My mom bent down to clean up the mess and pick up the salt and muttered to herself, “Well, I might as well tell him. He just needs the details and the doctor’s going to school tomorrow to give all the kids the vaccine…” She stood up and said, “Very well Zack, I’ll tell you as much as I know after I finish with these groceries.”
In due time, the groceries were stocked and my mom and I were facing each other on the couch. My mom took a deep breath and began.
“It all started with your great grandparents. You see, your great grandma had polio as a child and had passed it down from generation to generation. Your grandparents were lucky and were immune to the virus, but your other aunt, an aunt you’ve never met, wasn’t as lucky. The aunt you know, the mom of Cody the cousin you knew, she apparently had given it to her son without getting polio herself. Cody died, Zack. That’s why you stopped visiting. That letter was about your father’s oldest sister, she died too. See Zack, this is why you really need the vaccine. I guess Lily opened your eyes and showed you what polio was.”
My mother had come to an abrupt stop and began to tear up. For the rest of the night, my mom and I talked little. As I was drifting off to sleep that night, I wondered what life would be like if I got polio. Would my friends treat me differently? What would change?

* * * *
The next day, Dr. Steinberg came in and gave us a lecture about preventing polio and treating the victims of polio with respect.
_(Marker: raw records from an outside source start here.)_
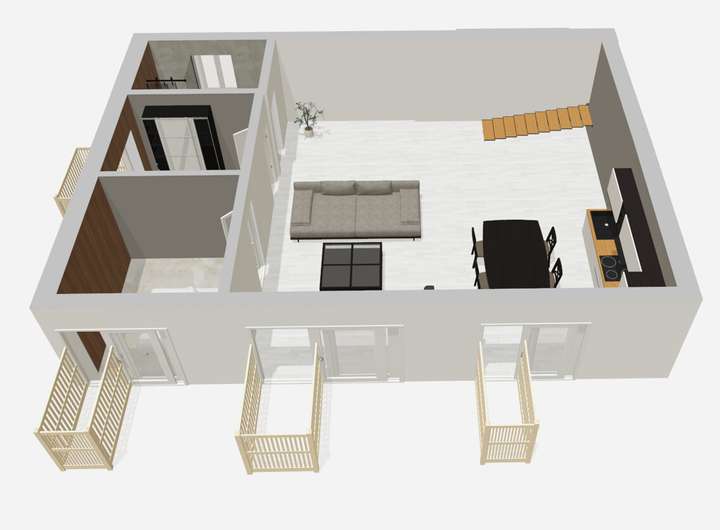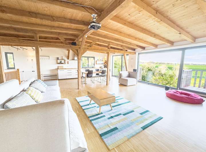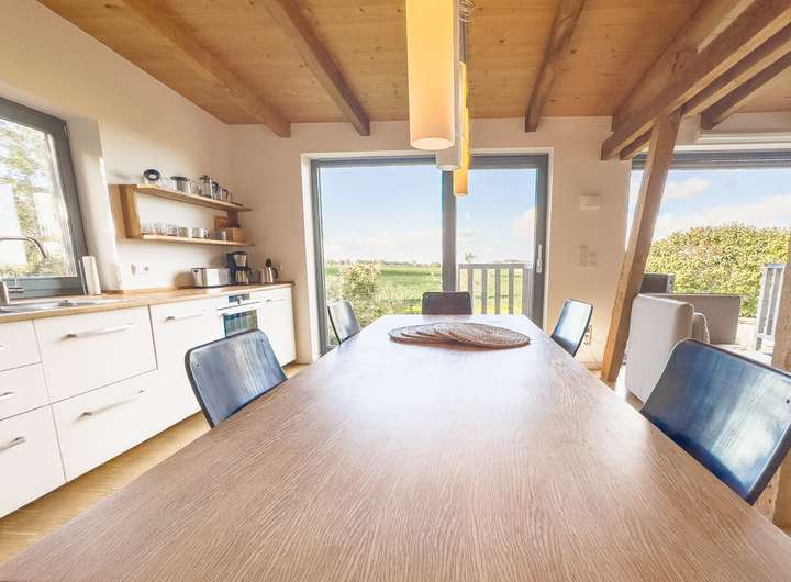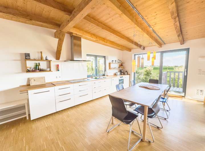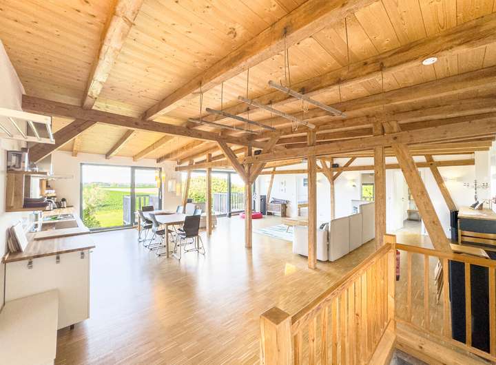 // Offener, heller Wohn- und Essbereich mit sichtbarem Gebälk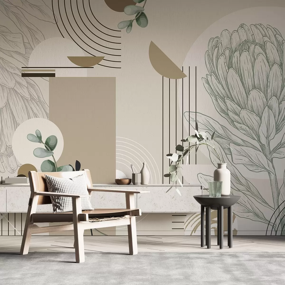 Fotomurales Estampado botánico abstracto con flor de protea, hojas de eucalipto, formas geométricas en estilo minimalista, colores pastel Nr. w08914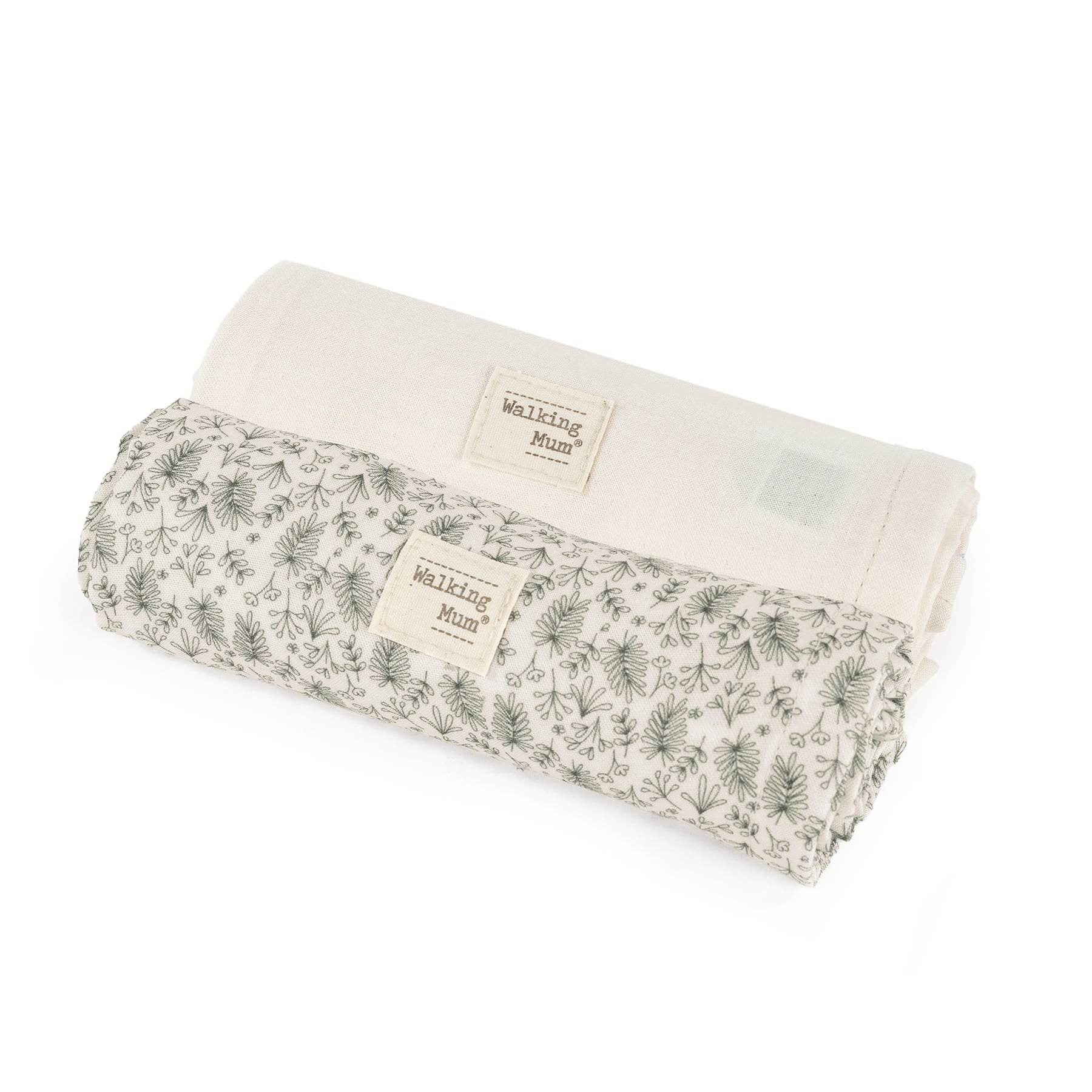 O conjunto inclui duas muselinas coordenadas, uma lisa e outra estampada com o delicado padrão floral Gala Mint, refletindo o estilo contemporâneo e funcional da Walking Mum.
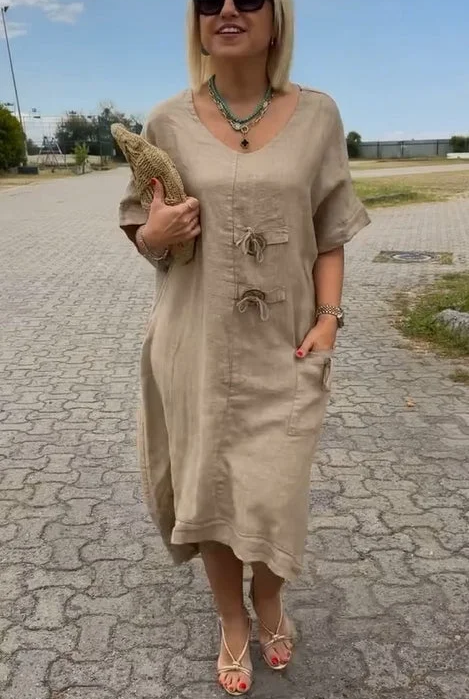Women's summer dress with V-neck and forest pattern Maxi dress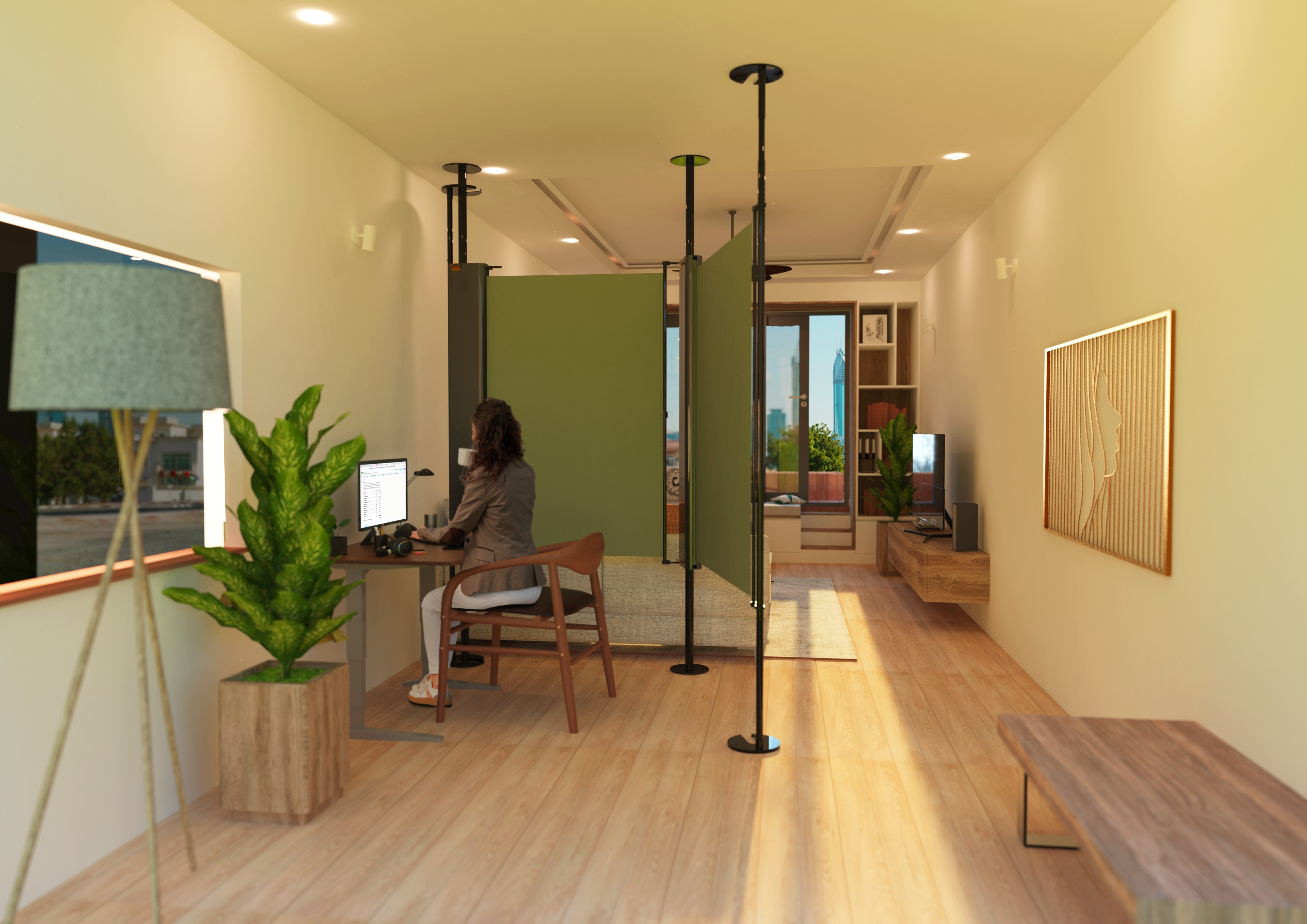 A product designed to offer greater privacy within our homes, as a rapidly changing world now sees our dwellings becoming shared spaces where multiple tasks overlap. This pull-out screen is housed within a sleek aluminum body and supported by tension poles, offering a renter-friendly solution to a seemingly common issue in our modern world.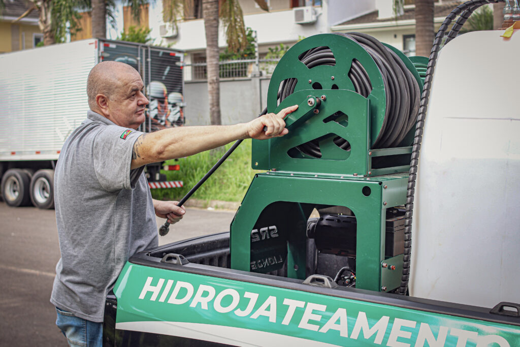 O processo de Hidrojateamento para limpeza, desobstrução ou desentupimentos em gerais utiliza agua em alta pressão e vazão através de bombas e mangueiras especiais.
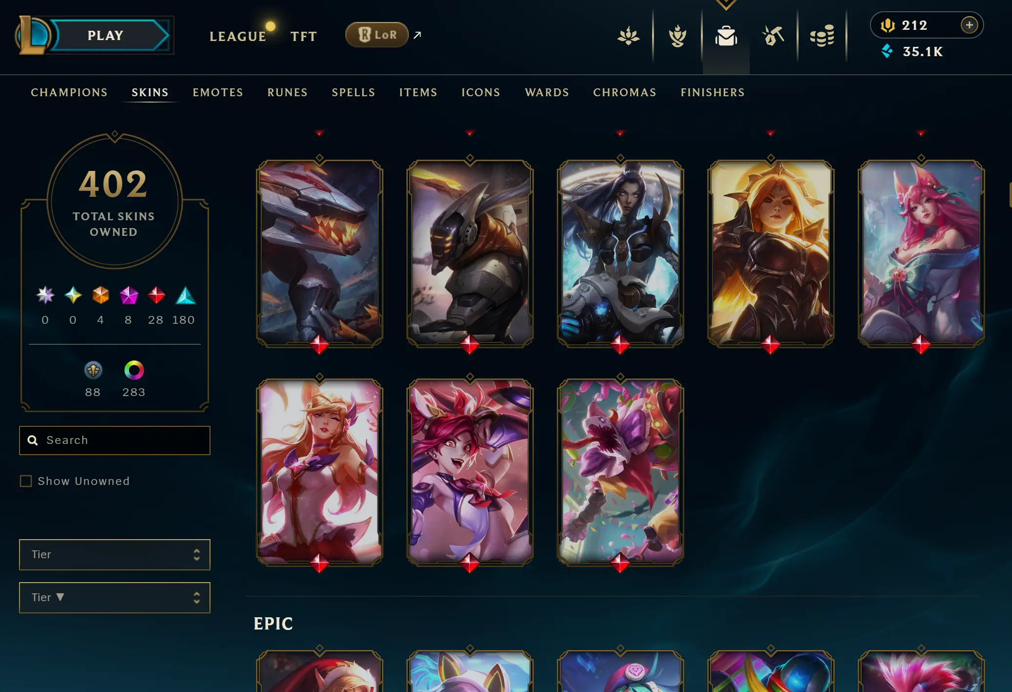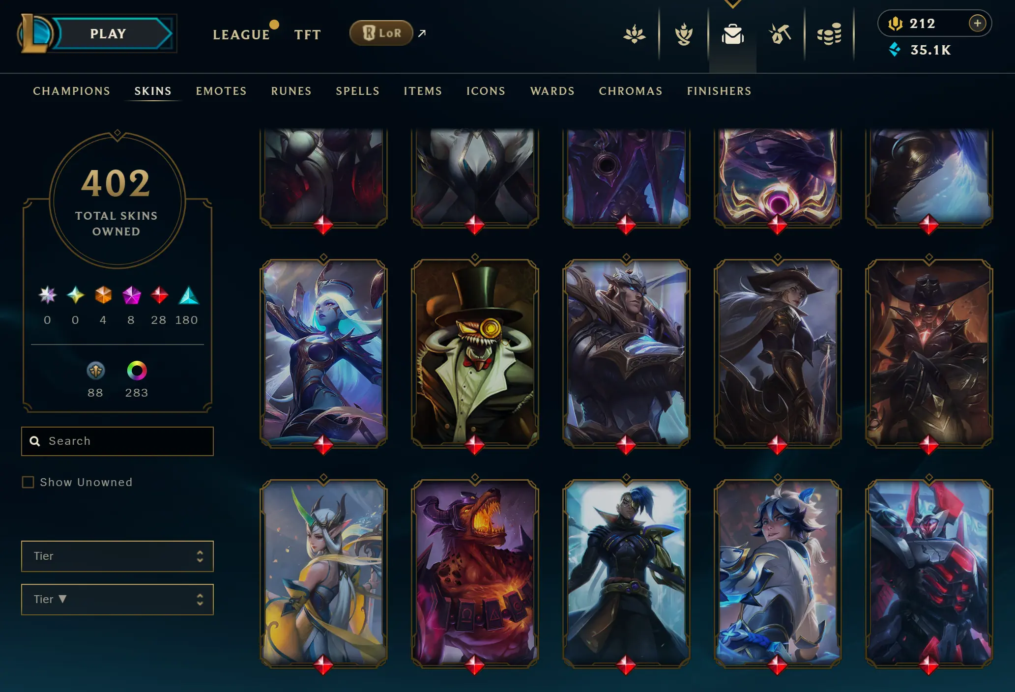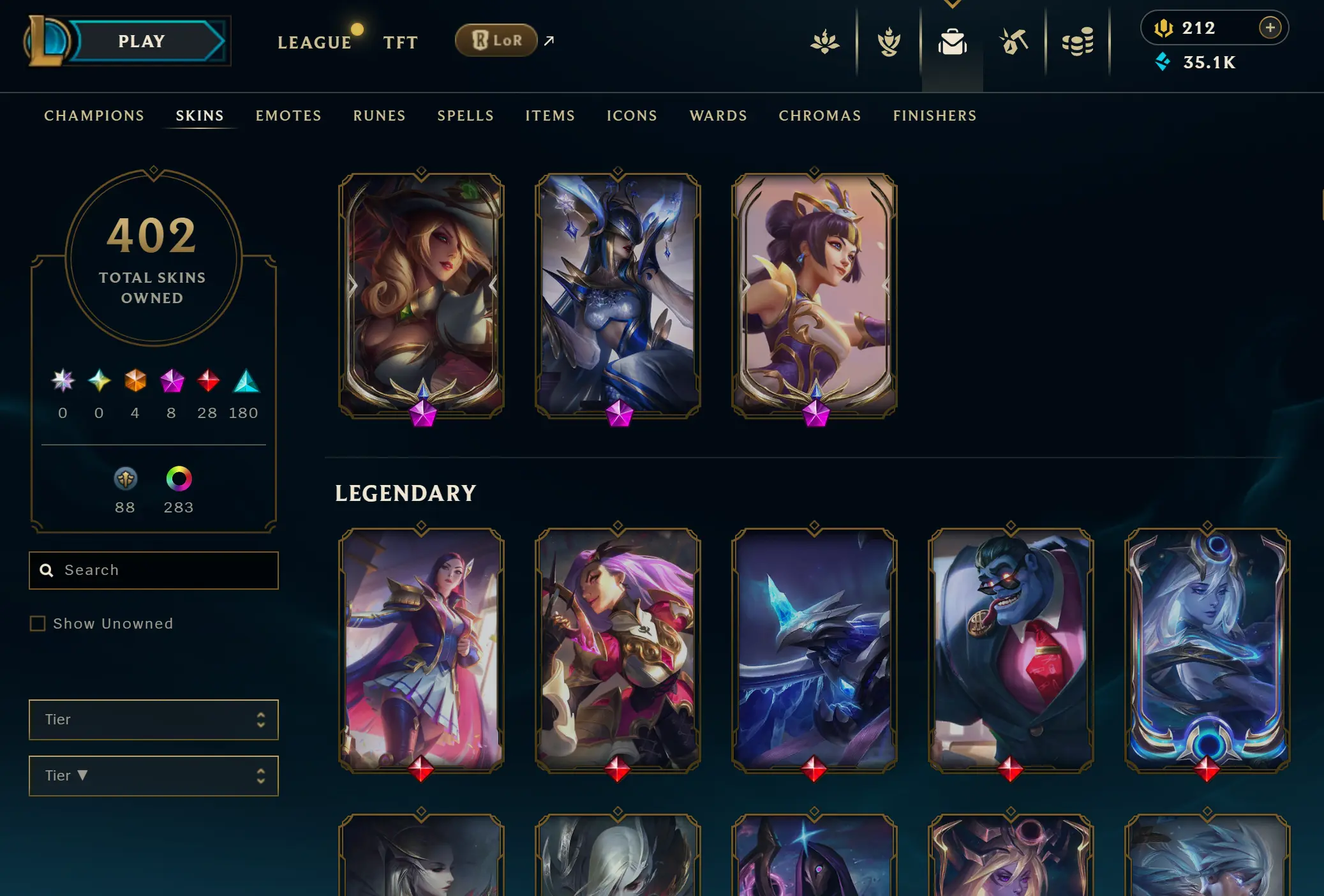 EUW 402 skins | 169 champions | Grey Warwick, Victorious Skins, DJ Sona, Elementalist Lux, High Noon Thresh, Spirit Blossom Ahri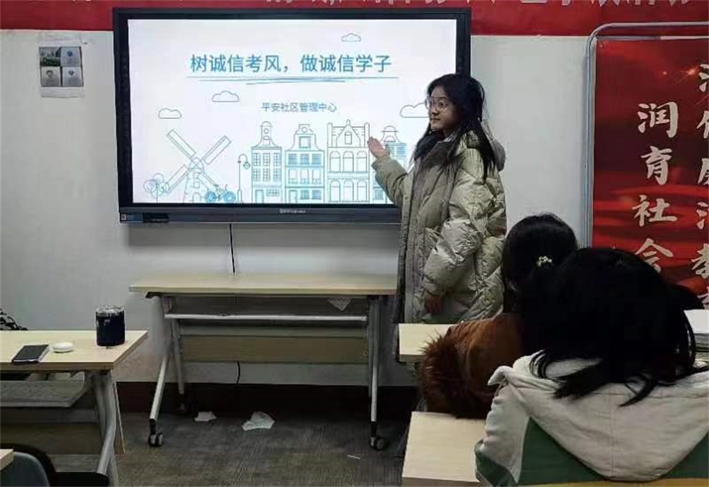 诚信考试树新风,端正态度立考风。活动前期,平安社区通过宣传栏、宣传横幅等形式广泛宣传诚信考试的重要性,营造了浓厚的诚信考试氛围。活动伊始,宣讲人首先向同学们介绍了诚信考试的重要意义,强调诚信是社会主义核心价值观的重要组成部分,是中华民族的传统美德。随后,宣讲人通过列举一些考试作弊的案例,分析了作弊行为对个人、家庭和社会的危害,引导同学们深刻认识到诚信考试的重要性。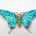 Sterling Silver Colourful Guilloche Enamel Butterfly Brooch Antique c1920 Deco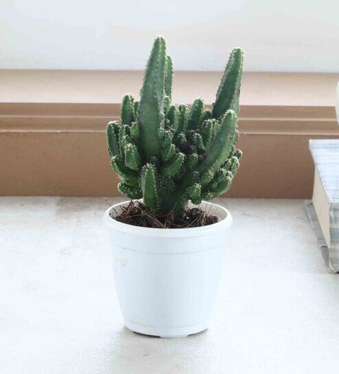 The Cereus Florida is an easy to cultivate cactus characterized by rapid growth featuring an elongated stem, like a pillar, with white bead like spikes on its edges. This is a very distinctive and attractive small succulent with a dark green stem edged with a whitish border. Stem cuttings can easily be used to propagate Cereus cactus. This succulent is real beauty for any plant lover and the pride of our plant nursery.Dimensions of Potted Plants: L x B x H ~ 4" x 4" x 6"Growth Medium: Coco PeatPot Description: Square Plastic PotHow to Care for Cereus Florida CactusLight: Full sunlightWater: Once in 7 days with protection from direct exposure to rainFeed: Not required unless plant is growing activelyCommon NamesCereus Cactus, Cereus FloridaNative RegionSouth AmericaBotanical NameCereus Peruvianus 'Florida'FamilyCactaceae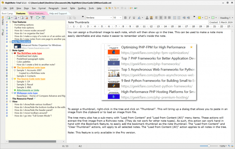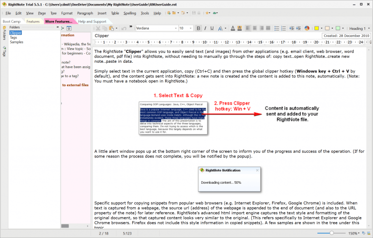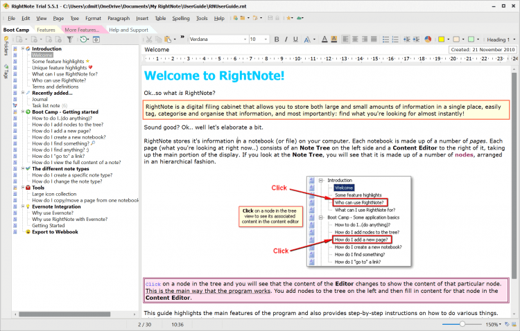 Основные возможности RightNote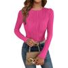 Women's Fashion Ribbed Solid Color V-neck Slim Long-sleeved T-shirt Tops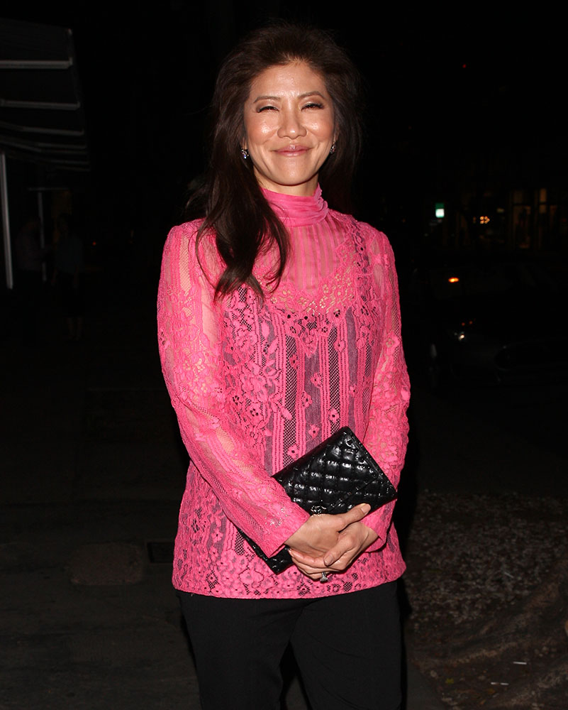 At one of LA’s most paparazzi-friendly restaurants, Madeo, Julie Chen and husband Les Moonves had dinner; Julie carried a Valentino Rockstud Spikes Clutch. Shop the Valentino Rockstud Spikes Clutch via Neiman Marcus ($1,545)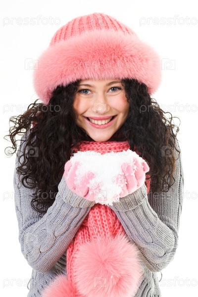 Портрет веселой женщины в розовой зимней шерстяной шляпе, держащей снег в руках

The oral vaccine didn’t taste as bad as any other medicine I’ve ever taken so it was okay. I was still a bit shaken up from the shocking news, so I told Lily and we discussed how healthy people could comfort or help the polio victims.
The rest of the year continued like this, Lily and I became better friends and everyone warmed up to her too, but this didn’t stay for long. After Christmas break, Lily seemed to come to school less and less, but whenever she was at school, always looked pale and sickly. Most of my friends were too polite to talk about anything and pretended they hadn’t noticed, but almost everyone could foresee what would happen next.
At the end of school, Lily passed away. Everyone in our class went to her funeral and as I sat there, listening to the plaintive tune in the background, I thought of all the times Lily made me feel better and every time she made me laugh. It soon began to rain and everyone was ushered under the tent, but I stood there, next to Lily thinking of every happy moment I had spent with her.